Yosemite Insurance Co. (“Yosemite”) lost its challenge to an arbitration award that found Nationwide Mutual Insurance Co. (“Nationwide”) was not required to cover a share of Yosemite’s settlement with the State of California regarding pollution losses from the 1950s. After the arbitral board decided in Nationwide’s favor, Yosemite challenged the impartiality and rationality of the award.
In deciding Yosemite’s challenge, the court emphasized that the bases to vacate an arbitration award under the Federal Arbitration Act (“FAA”) are narrow and impose a steep burden on the challenging party. The dispute was based on whether an exclusion for “contamination and pollution” applied to any claims made or only where the party’s “main operations” related to “contamination and pollution.” The court found that while it believed the operative language was ambiguous, the arbitrators’ decision was “anchored” in the text of the agreement. Because the decision did not stray from an interpretation and application of the agreement, or exhibit a manifest disregard for the law, the court lacked authority under the FAA to second-guess the arbitral panel’s award.
Yosemite also challenged the arbitral panel’s impartiality because one of the three members failed to disclose that he had previously represented a client in a case adverse to Yosemite—a representation Yosemite’s counsel himself did not recall.
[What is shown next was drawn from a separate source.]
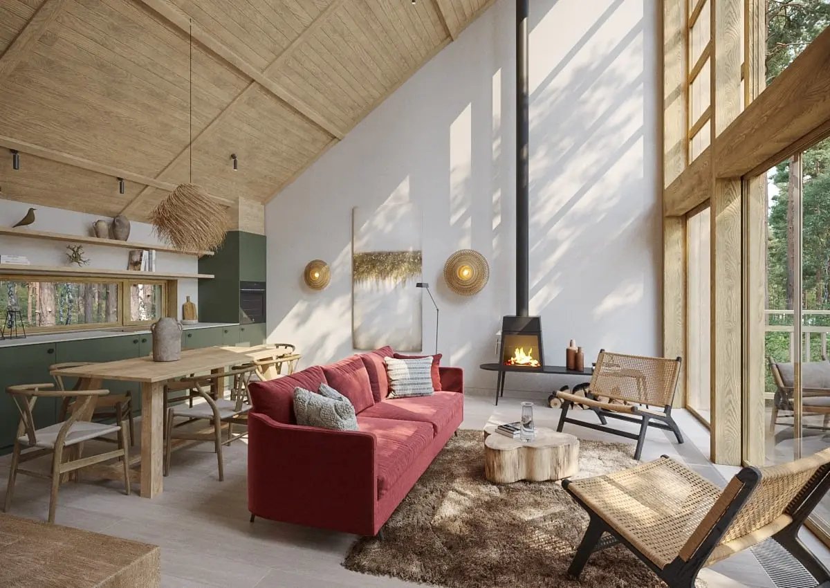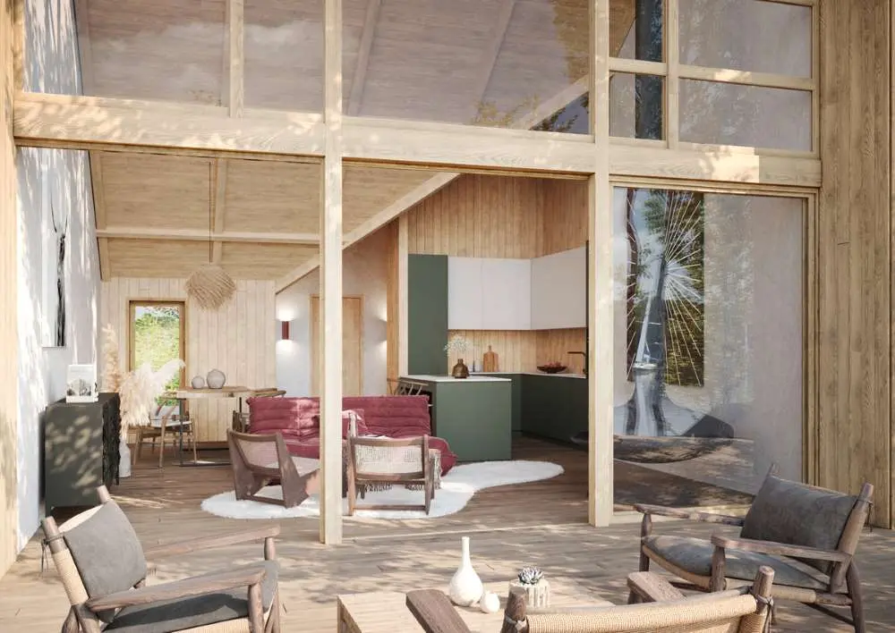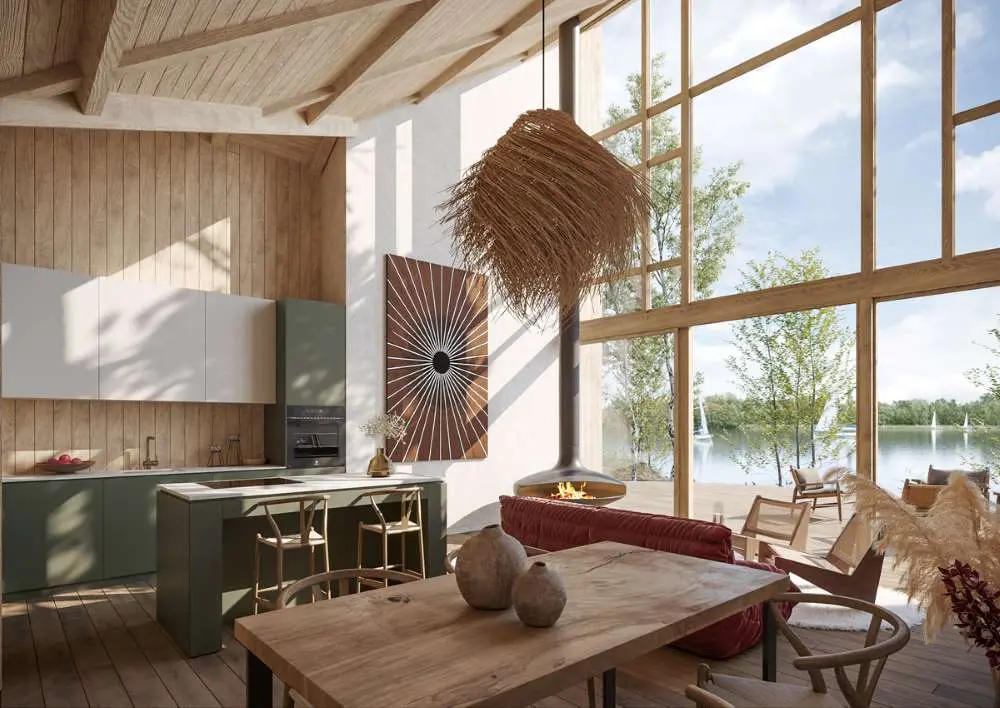 Patrząc na wizualizacje trwającej już budowy, widać, że projekt pracowni Boris Kudlička with Partners, to coś więcej niż idea własnego domu nad jeziorem. To prawdziwy styl życia z bliskimi i przyjaciółmi, z którymi dzień zaczyna się na plaży, wyprawie rowerowej i siłowni, a kończy kolacją z tańcami o zachodzie słońca. Drewniana architektura domów z ogromnymi przeszkleniami emanuje ciepłem, połączonym ze starannie dopracowanymi współczesnymi liniami i wysokiej klasy wykończeniami. Każdy z domów można dodatkowo spersonalizować, wybierając wariant aranżacji wnętrz i wersję z sauną, kominkiem, jacuzzi, żaluzjami zewnętrznymi lub markizami. Mieszkańcy inwestycji Tu Las Tam Woda będą mogli już wkrótce podziwiać wspaniałe panoramiczne widoki na las i jezioro, rozciągające się zarówno z domów, jak i strefy wspólnej.

The court applied a four-factor test borrowed from the Fourth Circuit to determine whether the inadvertent failure to disclose the representation would cause a reasonable person to conclude the arbitrator was biased. The court found there was no non-speculative suggestion of a conflict of interest, no suggestion of antipathy against Yosemite, and that the ten-year old adverse representation failed to impugn the impartiality of the arbitrator.
Despite rejecting Yosemite’s challenges, the court declined to award attorneys’ fees and costs to Nationwide because the claims were not objectively unreasonable. The court did however, “encourage” Yosemite’s counsel to review the strict and demanding showings required when seeking to vacate an arbitral award.
Yosemite Ins. Co. v. Nationwide Mut. Ins. Co., Case No. 16-5290 (USDC S.D.N.Y. Nov. 10, 2016).